23-24 March: Biodynamic ripening spray. As soon as possible we ordered horn silica, potentised equisetum and summer horn clay and sprayed it on the whole vineyard yet to be harvested – the reds – at the rate of 40 litres a hectare as a fine mist with the suzuki ute and two nozzles.In 2004 we increased baume by 2 in a week (almost over-ripening it) by spraying for three days in a row at sunset. This time we only sprayed it for 2 days and we also included the herb equisetum to help dry out any fungi. In December we also sprayed equisetum tea (see our Youtube video) at around moon-saturn opposition… Or just say, during the peak hot and humid mildew conditions.

28 March: Harvest 40t Shiraz and Merlot, at 13 baume, and the winemaker is happy: no mustiness and good flavour. As we replaced tyres and cart the fruit to the crusher, I thanked life for throwing challenges like mildew at us, as it helped connect us with amazing people who made the challenge winnable.

Some might call it management on the run, and its true. We know that something we did worked. Next year we will have to plan and simplify things and/or start some things a lot earlier. Your suggestions are of course VERY welcome!

1 thought on “Rosnay shiraz and merlot escape Powdery Mildew and Botrytis: happy days…”
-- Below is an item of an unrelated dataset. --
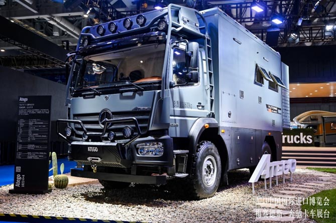 继第五届进博会上首展梅赛德斯-奔驰Arocs 4x4越野旅居车并大获成功后,梅赛德斯-奔驰卡车在今年引入更丰富的旅居车产品组合。此次展出的Atego越野旅居车和宇通专用车合作,基于中型卡车Atego 1023 4×4改装,C照可开,容易驾驭,更适合舒适型长途越野旅居。这也是在我国旅居车销量创历史新高的背景下,梅赛德斯-奔驰卡车对中国客户需求的积极回应。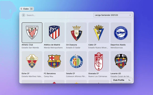 All the information of LaLiga Santander, LaLiga SmartBank, and Primera División Femenina: schedules, results, standings, news, statistics, and much more in Raycast

  1. Sam and Team Rosnay –
    What a brilliant story and true scientific research….whether on the run or not…..very valuable trials and documentation.
    What interests me from this point is who else in the wine industry has the mentality and capacity to accept this information if they are embedded in the chemical ways of ‘solving problems’ in vineyards.
    There is the opportunity to prevent, or at least slow down the establishment of the downy algae [new information for me] and the powdery mildew with organic and mineral supplements at bud burst or when the sap starts to run again.
    Apparently this is a critical time of formation of foliage and fruits hence the need to know exactly when this is happening to get the timing spot on.
    I am suffering Triple Blend withdrawals and reading the review reminded me I need more NOW!!!
    I love what you do – always inspiring and testing boundaries – way to go!